Magnetic resonance in quantum computing and in accurate measurements of the nuclear moments of atoms and molecules

TL;DR

This paper derives exact spin wave functions under oscillating magnetic fields, enabling quantum computing operations and precise measurements of nuclear moments in atoms and molecules, with applications to NMR and EPR techniques.

Contribution

It provides closed-form solutions for spin wave functions that facilitate controlled quantum state transitions and high-precision nuclear moment measurements.

Findings

Exact solutions for nuclear and electronic spin wave functions.

Application to high-precision measurements of nuclear moments.

Potential to resolve inconsistencies in existing hyperfine data.

Abstract

Modern experimental techniques can generate magnetic fields of the form H(t) = H0 z-hat + H1 [x-hat cos({\omega}t) + y-hat sin({\omega}t)], at frequencies within an order of magnitude of the nuclear magnetic resonance (NMR) and electron paramagnetic resonance (EPR) frequencies, {\omega}n0 and {\omega}e0, respectively, when acting on atoms or molecules.
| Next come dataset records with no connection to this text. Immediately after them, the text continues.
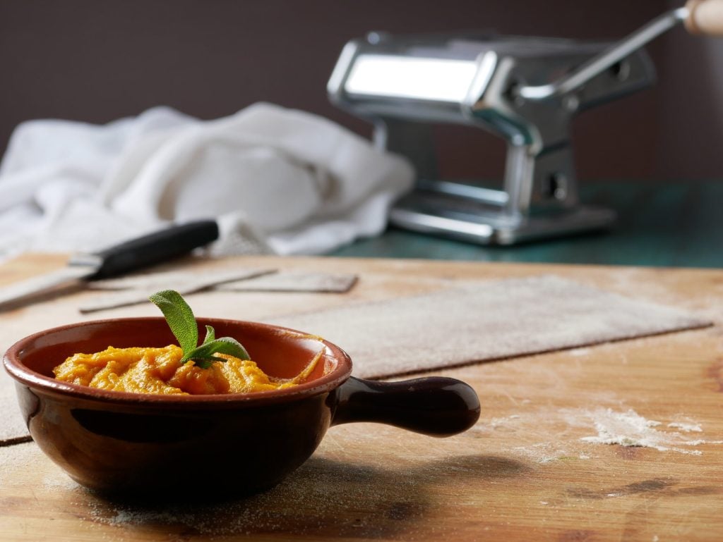 Um die Kakaotagliatelle mit Kürbiscreme zuzubereiten, benötigst du einen Stabmixer und eine Küchenmaschine. Während du auf die Küchenmaschine verzichten kannst, indem du die Tagliatelle von Hand knetest, kannst du nicht auf den Stabmixer verzichten, um den Kürbis cremig und gut gewürzt zu machen. Außerdem brauchst du eine einfache Nudelmaschine, um den Teig auszurollen und zu schneiden, auch wenn du, wenn du möchtest, Walzen, Muskelkraft und ein gutes Messer verwenden könntest. Im Folgenden lasse ich gegebenenfalls Ratschläge für den Kauf getesteter Geräte.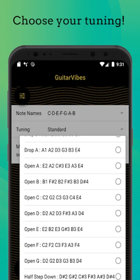 GuitarVibes is a simple, light and efficient Guitar Tuner. Just open the app and start tuning your wonderful Guitar!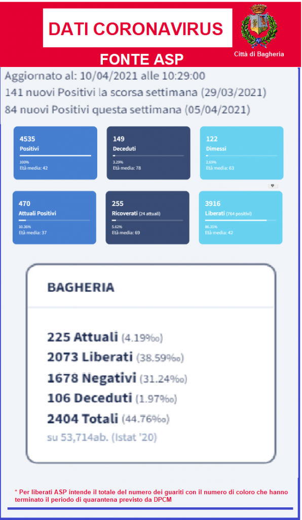 Intanto i dati inviati da ASP aggiornati al 10 aprile registrano 225 positivi attuali a Bagheria e 470 nell'intero distretto. 106 deceduti a Bagheria e 149 in totale nel distretto.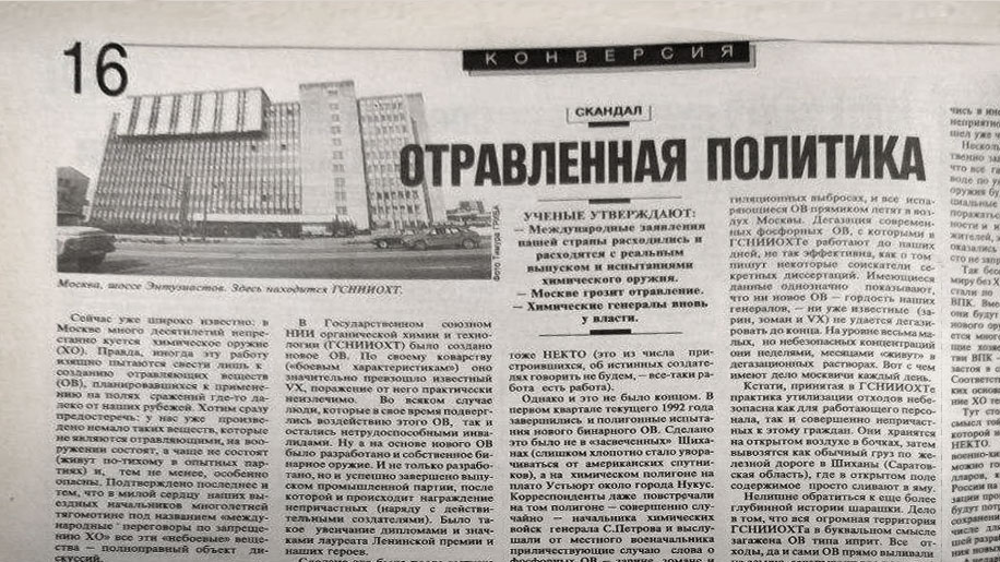 «В Государственном научно-исследовательском институте органической химии и технологии (ГоСНИИОХТ, филиал которого располагается в Шиханах. — «Проект») было создано новое отравляющее вещество. По своему коварству (“боевым характеристикам”) оно значительно превзошло известный VX, поражение от него практически неизлечимо. Во всяком случае люди, которые в своё время подверглись воздействию этого вещества, так и остались нетрудоспособными инвалидами», — писал Мирзаянов в газете «Московские новости» в сентябре 1992 года. Этот текст и стал причиной возбуждения дела.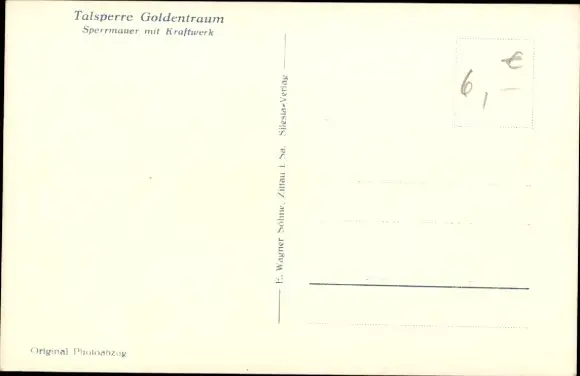 Ansichtskarte, Postkarte, Talsperre, Stausee, Staudamm, Staumauer, Schlesien

We derive simple closed-form expressions for the exact nuclear- and electronic-spin wave functions that enable controlled transitions between entangled states, allowing an atom or molecule to function as a quantum computer. These solutions also enable precise NMR or EPR measurements of nuclear moments in atoms and molecules. We present examples relevant to measurements of the nuclear moments of 14N, 7Li, and 133Cs. Because existing hyperfine measurements of the lowest three nuclear moments of 133Cs are mutually inconsistent, the proposed NMR/EPR experiments provide a route to measuring all seven of its nuclear moments with high precision.